2044. Count Number of Maximum Bitwise-OR Subsets

Medium
Given an integer array nums, find the maximum possible bitwise OR of a subset of nums and return the number of different non-empty subsets with the maximum bitwise OR.
An array a is a subset of an array b if a can be obtained from b by deleting some (possibly zero) elements of b.
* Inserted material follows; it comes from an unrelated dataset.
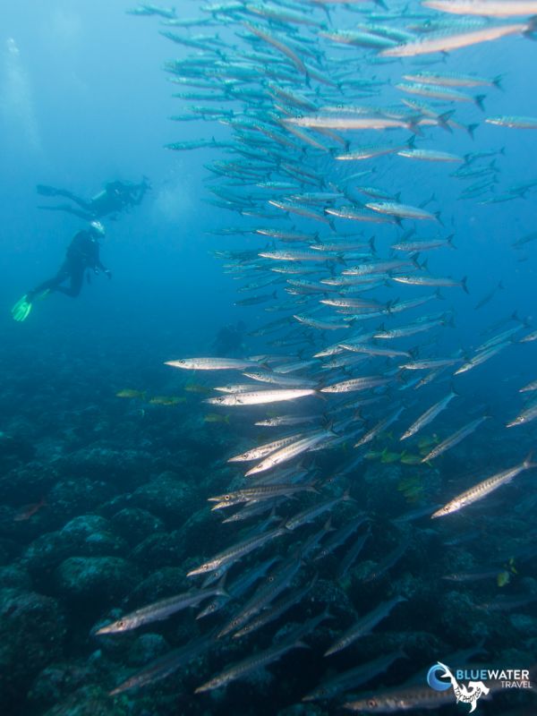 During Week 1, our first dive at the famed Wolf and Darwin islands did not disappoint. Barely 5 minutes into the dive, we were greeted by hundreds of hammerheads cruising by. We spent a good 30 minutes down on the reef just watching the show go by. The rest of the day was more of the same awesome show of hammerheads. The currents at Shark Bay and Elephant Rock were some of the strongest currents any of us have ever encountered, and we really had to be aware of the nasty down currents out in the blue. Galapagos is a place where bubbles dont always go up. Bubbles often go downwards or sideways, pulled by strong currents.

Two subsets are considered different if the indices of the elements chosen are different.
The bitwise OR of an array a is equal to a[0] OR a[1] OR ... OR a[a.length - 1] (0-indexed).
Example 1:
Input: nums = [3,1]
Output: 2
Explanation: The maximum possible bitwise OR of a subset is 3. There are 2 subsets with a bitwise OR of 3:
- [3]
- [3,1]
Example 2:
Input: nums = [2,2,2]
Output: 7
Explanation: All non-empty subsets of [2,2,2] have a bitwise OR of 2. There are 23 - 1 = 7 total subsets.
Example 3:
Input: nums = [3,2,1,5]
Output: 6
Explanation: The maximum possible bitwise OR of a subset is 7. There are 6 subsets with a bitwise OR of 7:
- [3,5]
- [3,1,5]
- [3,2,5]
- [3,2,1,5]
- [2,5]
- [2,1,5]
Constraints:
  • 1 <= nums.length <= 16
  • 1 <= nums[i] <= 10^5

解題

1863 Sum of All Subset XOR Totals 的加強版。
func countMaxOrSubsets(nums []int) int {
max := nums[0]
for i:=1; i<len(nums); i++ {
max |= nums[i]
}
ans := 0
var dfs func(int, int)
dfs = func(index int, xor int) {
if index >= len(nums) {
return
}
if xor | nums[index] == max {
ans++
}
dfs(index + 1, xor | nums[index]) //取
dfs(index + 1, xor ) //不取
return
}
dfs(0, 0)
return ans
}